Intentional use of extinction procedures is a nuanced topic. In some situations it may be appropriate. In others, it’s not.
The principle itself is straightforward. If a behaviour is maintained by reinforcement and that reinforcement is removed, the behaviour will reduce over time.
Sound behavioural science.
What requires closer examination is how that principle is applied, particularly in food-based training with horses.
In the early stages of food-based training, so-called ‘unwanted’ behaviours are informative. Food has been introduced, but the learner has not yet fully understood the promise of how food will be delivered. We may see mugging, pocket checking, nose investigation around the food bag, increased vocalisation, facial tension, or dropping in males. These are quickly labelled as ‘pushy,’ lacking ‘manners,’ or having ‘no boundaries.’
But these responses are not failings on the part of the horse.
They are feedback. They tell us WE got it wrong. That the contingency between marker and food is not yet clear. Our bad!
When the reinforcement system lacks clarity, the learner experiments. This exploration is completely natural. The horse is information-seeking within an environment that doesn’t yet make sense.
This is where the conversation about extinction becomes more nuanced. Can you extinguish confusion?

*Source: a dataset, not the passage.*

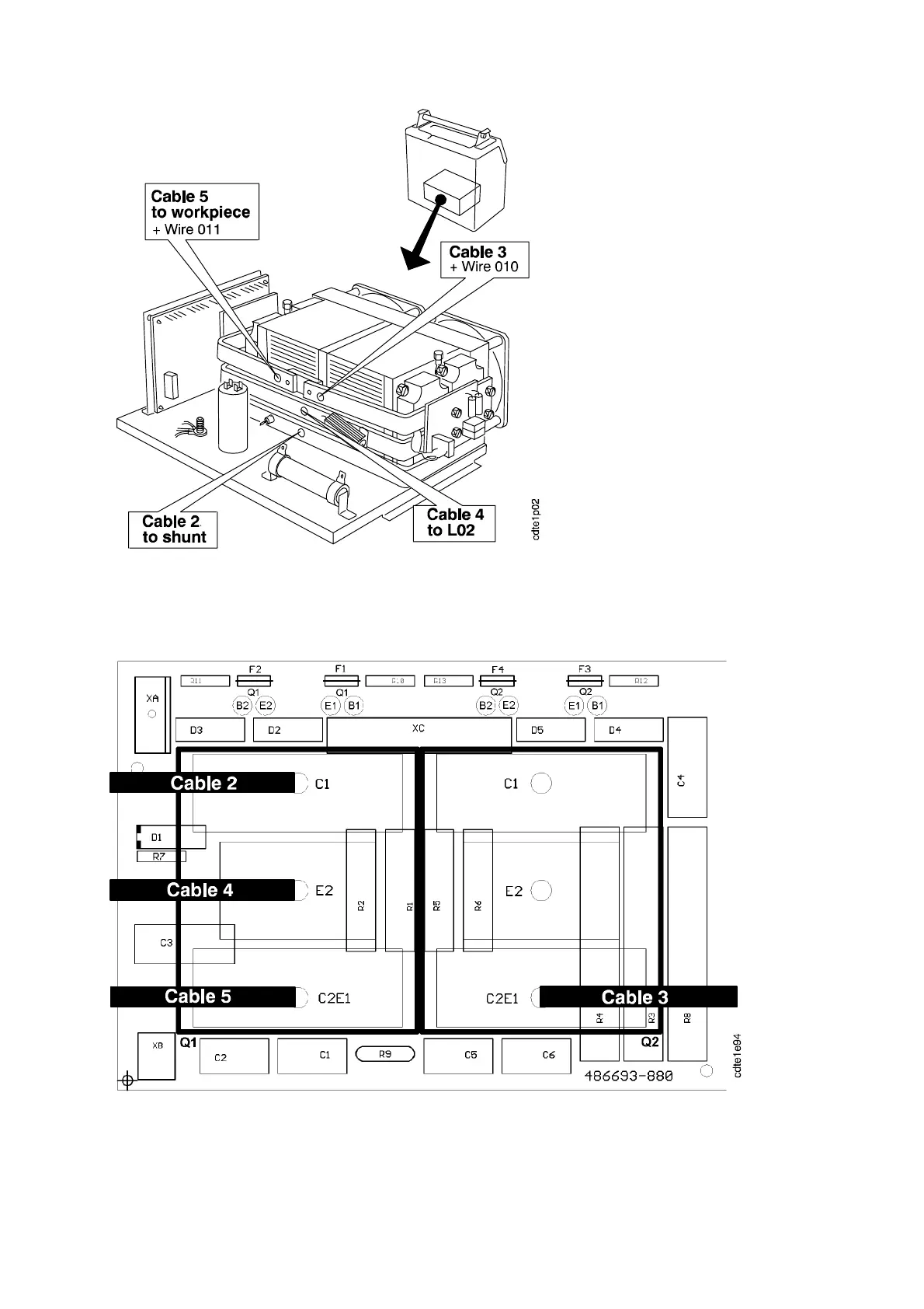 Circuit board AP09 in the DTE 200 and the cable connections to the AC IGBT modules

Extinction is a procedure. It applies when a clearly defined behaviour is being maintained by reinforcement and that reinforcement is deliberately withdrawn. You might not realise that’s what you are doing but it is happening.
The common advice is to go ‘cold turkey’ and withhold food, ignore investigation, create physical barriers, wait out any escalation of the mugging behaviour.

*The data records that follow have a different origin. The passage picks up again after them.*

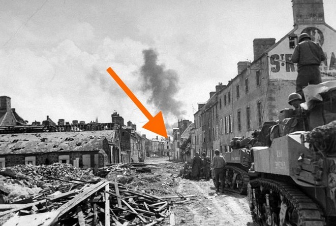 « Maison familiale devant laquelle le 30 Juillet a sauté sur une mine, exactement devant la porte de la maison, la jeep d’un Colonel américain, le Colonel Storck, au niveau du lampadaire qui se trouvait entre le 13 et le 15.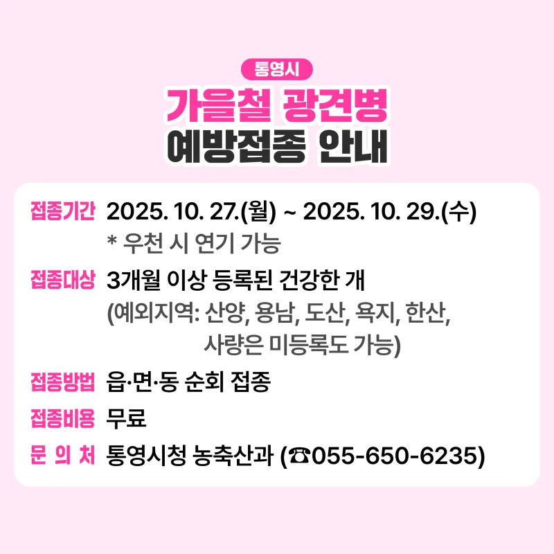 우리 강아지 광견병 예방접종, 무료로 맞아요!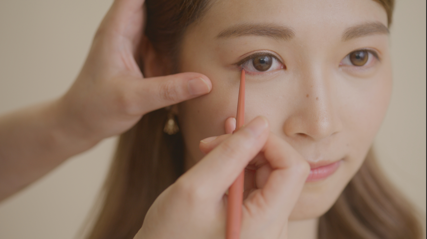 最後以#14粉紅罌粟眼線筆,在下眼尾同前輕輕描繪,打造出陰影效果,放大眼睛,同時增添溫柔可愛感,日系透明感眼妝就完成,秒速擁有深邃動人眼神!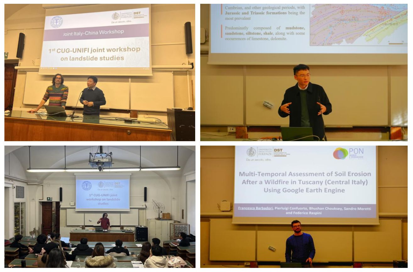 1月8日至9日,mk网页版师生和佛罗伦萨大学师生开展了为期2天的中意滑坡研究联合研讨会。mk网页版李德营教授、刘书豪老师与朱仕林、佘祥杰、王凯等博士生和佛罗伦萨大学Samuele Segoni教授、 Nicola Nocentini、 Francesco Barbadori、Istan Szakolczai等博士连续开展了十余场专题讲座,内容涵盖“高度植被覆盖地区潜在滑坡的识别”“基于机器学习方法的滑坡时空预测”“考虑地质环境空间差异性的区域滑坡降雨阈值研究”“使用谷歌地球引擎对托斯卡纳山火后的水土流失进行多时间尺度评估”等主题,两校师生就上述主题进行了广泛深入的研讨交流。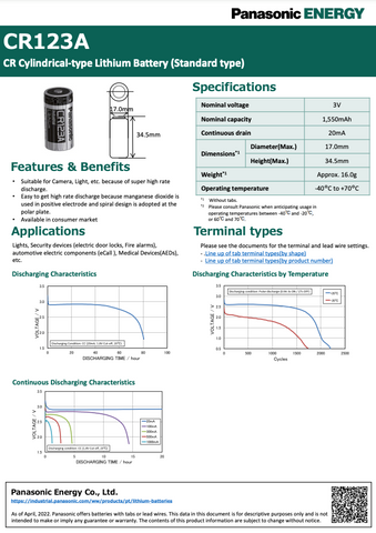 Replacement for Panasonic CR123, CR123A, EL123, EL123A, DL123, DL123A

If the horse does not yet understand where food appears, how it is delivered, or what precisely earns it, ignoring mugging does not automatically create understanding. Frustration increases behavioural intensity. Escalation is then interpreted as further evidence that extinction is necessary. Go harder.
The focus remains on stopping behaviour rather than examining our system design.

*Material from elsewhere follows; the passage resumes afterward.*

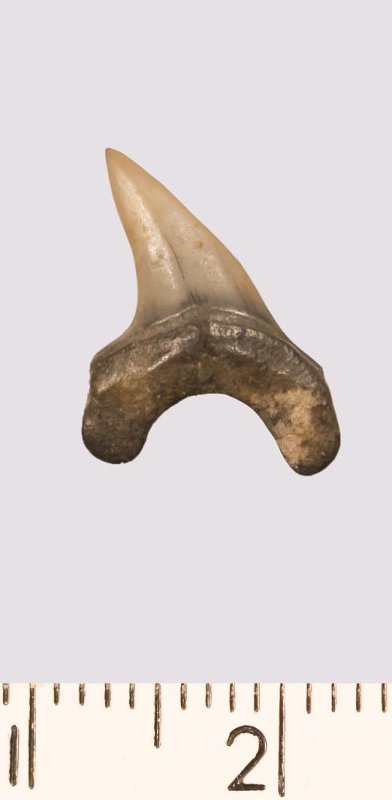 Зуб. Акула. Odontaspis macrorhiza (Cope) Leriche, 1902. Классификация: Хордовые Chordata, Позвоночные Vertebrata, Хрящевые рыбы Chondrichthyes, Пластиножаберные Elasmobranchii

Contemporary welfare-focused training places an emphasis on reinforcement system design rather than behaviour suppression.
When antecedents are carefully designed, marker signals are clear, reinforcement placement is consistent and rates are appropriate, many of the behaviours people attempt to extinguish never establish in the first place.
Not because they were suppressed.
Because the learner understands the rules of the our environment.
Should escalation of frustration be a routine feature of thoughtful training? I would argue no. It is worth examining whether escalation is an unavoidable component of learning, or the predictable outcome of a preventable lack of clarity.
The shift is in the question.
Not ‘How do I stop this behaviour?’
But ‘What does this behaviour tell me about the clarity of the information I gave?’
Very low-level extinction may have a place in shaping responses once the learner understands the contingency. It is not a primary tool for teaching ‘manners’ around food.
Clarity builds understanding. Suppression builds tension. Suppressed behaviour nearly always comes back to bite and most definitely teaches horses to have no opinion or that their opinions don’t matter.
The difference is the kind of training we choose to practise and the kind of horse behaviour we choose to encourage.
Errorless learning with horses offers us a framework to support low stress training.